In this context, the goals of this study were to (i) investigate changes in predictive accuracy using genomic relationship information in statistical models, (ii) investigate significant associations between SSR markers and eight traits, evaluated in different cuttings, in a germplasm collection of elephant grass genotypes, and (iii) identify candidate genes linked to these traits with their respective gene annotations. By achieving these goals, we aimed to increase the speed and accuracy of breeding elephant grass for different purposes.

Results

Genetic variation, genotype by cutting interaction, and predictive accuracy using a single-step, genome-based best linear unbiased prediction (ssGBLUP) model

Initially, a ssGBLUP model was used to fit the full dataset in order to investigate genetic variability and the genotype by cutting interaction and residual genetic variability and the genotype by cutting interaction. Genetic variability (p < 0.05) was detected for seven traits (height, green biomass, dry biomass, dry matter concentration, acid detergent fiber, neutral detergent fiber, and lignin content) but not biomass digestibility (Fig. 1). Regarding the genotype by cutting interaction, a significant effect (p < 0.05) for all traits was observed (Fig. 1). It is noteworthy that, in the individual analysis of each cutting, significant genetic variability was detected for all traits.

Fig. 1
figure1

Likelihood ratio tests for genetic effects (Genetic), genotype by cutting effects (G × C), residual genetic effects (Res G), residual genotype by cutting interaction effects (Res G × C), block effects (Block) and permanent environment effects (PE) considering ssGBLUP model. All bars above the dashed red line are significant by chi-square test at 5% probability \( \left({X}_{5\%}^2=3.84\right) \)

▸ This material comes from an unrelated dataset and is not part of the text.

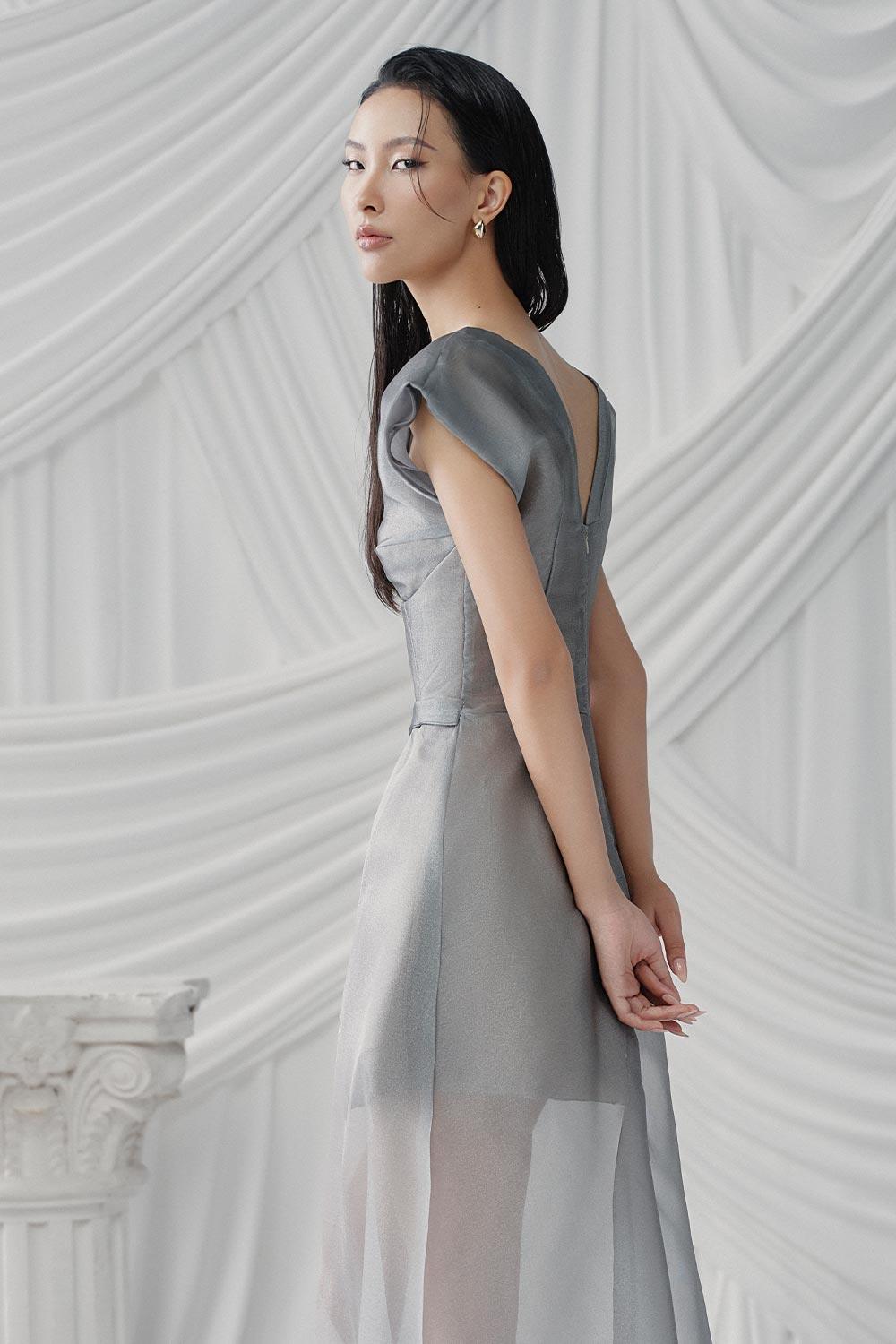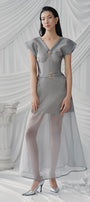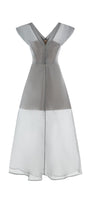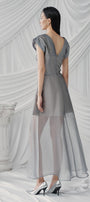 Expertly crafted from high-quality poly organza, this A-line dress features a flattering V-neckline and falls elegantly at ankle length. Perfect for any special occasion, this dress exudes understated sophistication. Add a touch of luxury to your wardrobe with this must-have piece.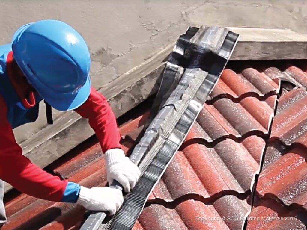 Untuk kebocoran di atap, menggunakan semen untuk memperbaiki masalah bukanlah solusinya. Misalnya, genteng yang retak harus diganti. Jika beton yang melekat pada punggungan bubungan atau punggungan pinggul memiliki masalah kebocoran, solusinya adalah mengganti penutup genteng dan semen lama untuk menginstal ulang bagian yang bocor. Dianjurkan juga untuk mengubah ke Dry tech system.

Log-likelihood ratio tests revealed that residual genetic effects were significant (p < 0.05) for height, green biomass, and dry biomass but not for biomass quality traits (i.e., dry matter concentration, acid detergent fiber, neutral detergent fiber, biomass digestibility, and lignin content) (p > 0.05) (Fig. 1). There was a significant residual genotype by cutting interaction (p < 0.05) for green biomass, dry biomass, dry matter concentration, and lignin (Fig. 1).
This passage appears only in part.